Lonicera japonica Thunb. (Caprifoliaceae) is a traditional herbal medicine and has been used to treat diabetic symptoms. Notwithstanding its use, the scientific basis on anti-diabetic properties of L. japonica is not yet established. This study is designed to investigate anti-diabetic effects of L. japonica in type 2 diabetic rats. L. japonica was orally administered at the dose of 100 mg/kg in high-fat diet-fed and low-dose streptozotocin-induced rats. After the treatment of 4 weeks, L. japonica reduced high blood glucose level and homeostatic model assessment of insulin resistance in diabetic rats. In addition, body weight
and food intake were restored by the L. japonica treatment. In the histopathologic examination, the amelioration of damaged β-islet in pancreas was observed in L. japonica-treated diabetic rats. The administration of L. japonica elevated peroxisome proliferator-activated receptor gamma and insulin receptor subunit-1 protein expressions. The results demonstrated that L. japonica had anti-diabetic effects in type 2 diabetic rats via the peroxisome proliferator-activated receptor gamma regulatory action of L. japonica as a potential mechanism.
Gu C, et al. Astragalus polysaccharides affect insulin resistance by regulating the hepatic SIRT1-PGC-1α/PPARα-FGF21 signaling pathway in male Sprague Dawley rats undergoing catch-up growth. Mol Med Rep. 2015 Nov;12(5):6451-60. doi: 10.3892/mmr.2015.4245. Epub 2015 Aug 25.

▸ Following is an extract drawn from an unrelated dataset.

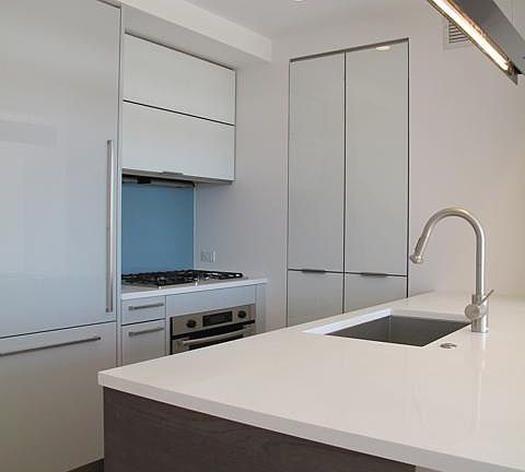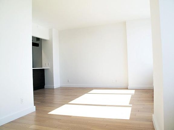 Access: Tuesdays & Thursdays 12pm to 5pm Sun drenched Alcove Studio overlooking Brooklyn through a wall of windows. The open kitchen features chic gray oak with gray lacquer kitchen cabinetry, high-end Miele Refrigerator, Bosch Cooktop and Oven, in-cabinet microwave, and white quartz countertops. Designer bathroom with deep soaking bathtub, countertop-mounted sinks, Rain Fall showerhead and porcelain floors. Throughout the apartment, enjoy hardwood floors, amazing closet space and your own washer and dryer.
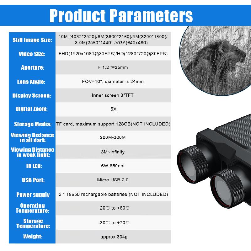 R12 Night Vision Binoculars 5X 1080P Video 300m Infrared Digital Hunting Telescope Camping Equipment Night Vision Scout

The present study investigated the effects of Astragalus polysaccharides (APS) on insulin resistance by modulation of hepatic sirtuin 1 (SIRT1)‑peroxisome proliferator‑activated receptor (PPAR)‑γ coactivator (PGC)‑1α/PPARα‑fibroblast growth factor (FGF)21, and glucose and lipid metabolism. Thirty male Sprague Dawley rats were divided into three groups: A normal control group, a catch‑up growth group and an APS‑treated (APS-G) group. The latter two groups underwent food restriction for 4 weeks, prior to being provided with a high fat diet, which was available ad libitum. The APS‑G group was orally treated with APS for 8 weeks, whereas the other groups were administered saline. Body weight was measured and an oral glucose tolerance test (OGTT) was conducted after 8 weeks. The plasma glucose and insulin levels obtained from the OGTT were assayed, and hepatic morphology was observed by light and transmission electron microscopy. In addition, the mRNA expression levels of PGC‑1α/PPARα, and the protein expression levels of SIRT1, FGF21 and nuclear factor‑κB were quantified in the liver and serum. APS treatment suppressed abnormal glycolipid metabolism and insulin resistance following 8 weeks of catch‑up growth by improving hepatic SIRT1‑PPARα‑FGF21 intracellular signaling and reducing chronic inflammation, and by partially attenuating hepatic steatosis. The suppressive effects of APS on liver acetylation and glycolipid metabolism‑associated molecules contributed to the observed suppression of insulin resistance. However, the mechanism underlying the effects of APS on insulin resistance requires further research in order to be elucidated. Rapid and long‑term treatment with APS may provide a novel, safe and effective therapeutic strategy for type 2 diabetes.